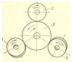 Обработка колёс методом притирки заключается в том, что обрабатываемое зубчатое колесо обкатывают между тремя притирами, оси которых скрещиваются между собой (рисунок 3). Оси двух притиров 1 и 4 со спиральными или прямыми зубьями наклонены к обрабатываемому зубчатому колесу 3. Ось третьего притира 2 параллельна оси обрабатываемого зубчатого колеса; этот притир вращается попеременно в разных направлениях со скоростью 30-60 м/мин для обеспечения равномерной обработки зуба с обеих сторон. Помимо вращения притирам сообщается возвратно-поступательное движение в осевом направлении со скоростью 60 - 70 ходов в минуту на длине 25 мм.
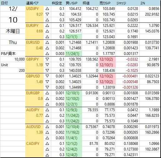 毎年最終週は動かない!という確信の元、オージー円を手仕舞ったら再度きつい上げが発生して、少し悔しい思いをしています。これもオージー円でマイナススワップになり始めた事が原因なのですが、言っても仕方ないのであきらめてます(でも惜しい!)
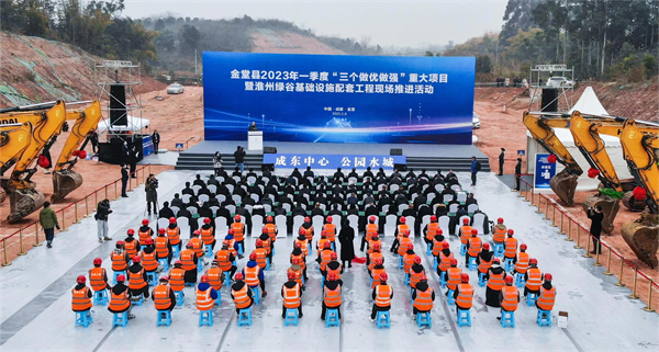 四川新闻网成都2月6日讯 2月6日,金堂县2023年一季度“三个做优做强”重大项目暨淮州绿谷基础设施配套工程现场推进活动在淮州绿谷德尔南路及配套设施项目现场隆重举行。此次现场推进活动启动重大项目15个,计划总投资185.3亿元,包括金堂县淮州绿谷德尔南路及配套设施等基础设施项目4个,金泰运智能环保设备生产线等产业发展项目7个,以及华典锦泽府等民生社会事业及城市功能提升项目4个。
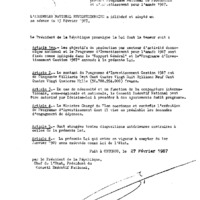 Loi N°87-002 du 27 février 1987 portant programme national de production et d’investissement pour l’année 1987
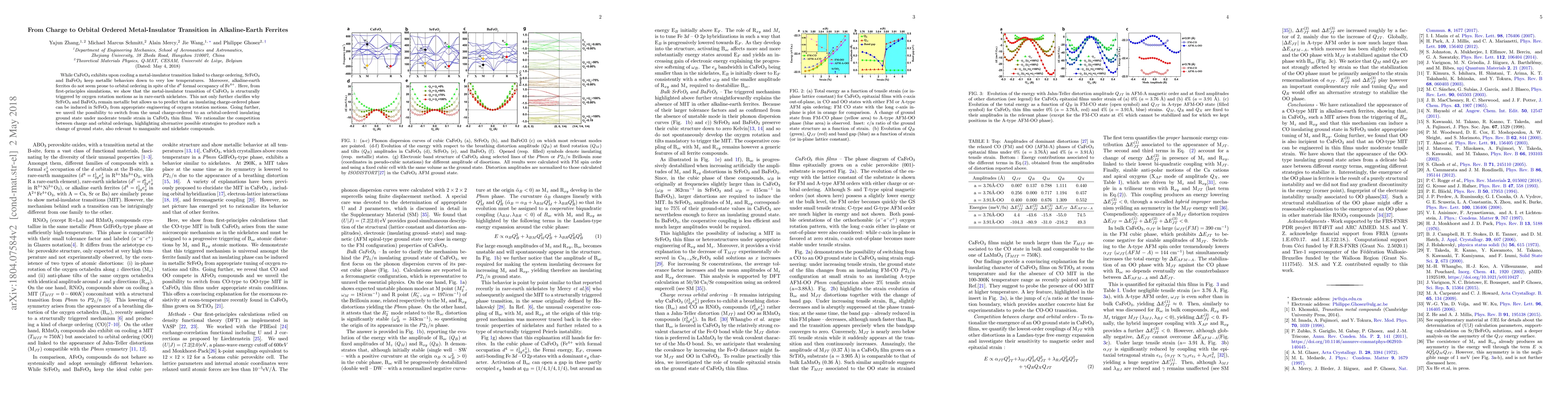 This paper investigates the metal-insulator transition in alkaline-earth ferrites, showing that CaFeO$_3$ undergoes a charge-ordered transition due to structural oxygen rotations, unlike SrFeO$_3$ and BaFeO$_3$ which remain metallic. It predicts that SrFeO$_3$ can be engineered to exhibit an insulating phase and reveals the potential for inducing orbital ordering in CaFeO$_3$ thin films via tensile strain.

____

**INSTRUCTIONS FOR THE TASK**
The line with "毎年最終週は動かない!という" ends the range, and the first line of the data begins it; repeat exactly those lines and nothing more, omitting pictures.

**ANSWER SECTION**
 Обработка колёс методом притирки заключается в том, что обрабатываемое зубчатое колесо обкатывают между тремя притирами, оси которых скрещиваются между собой (рисунок 3). Оси двух притиров 1 и 4 со спиральными или прямыми зубьями наклонены к обрабатываемому зубчатому колесу 3. Ось третьего притира 2 параллельна оси обрабатываемого зубчатого колеса; этот притир вращается попеременно в разных направлениях со скоростью 30-60 м/мин для обеспечения равномерной обработки зуба с обеих сторон. Помимо вращения притирам сообщается возвратно-поступательное движение в осевом направлении со скоростью 60 - 70 ходов в минуту на длине 25 мм.
 毎年最終週は動かない!という確信の元、オージー円を手仕舞ったら再度きつい上げが発生して、少し悔しい思いをしています。これもオージー円でマイナススワップになり始めた事が原因なのですが、言っても仕方ないのであきらめてます(でも惜しい!)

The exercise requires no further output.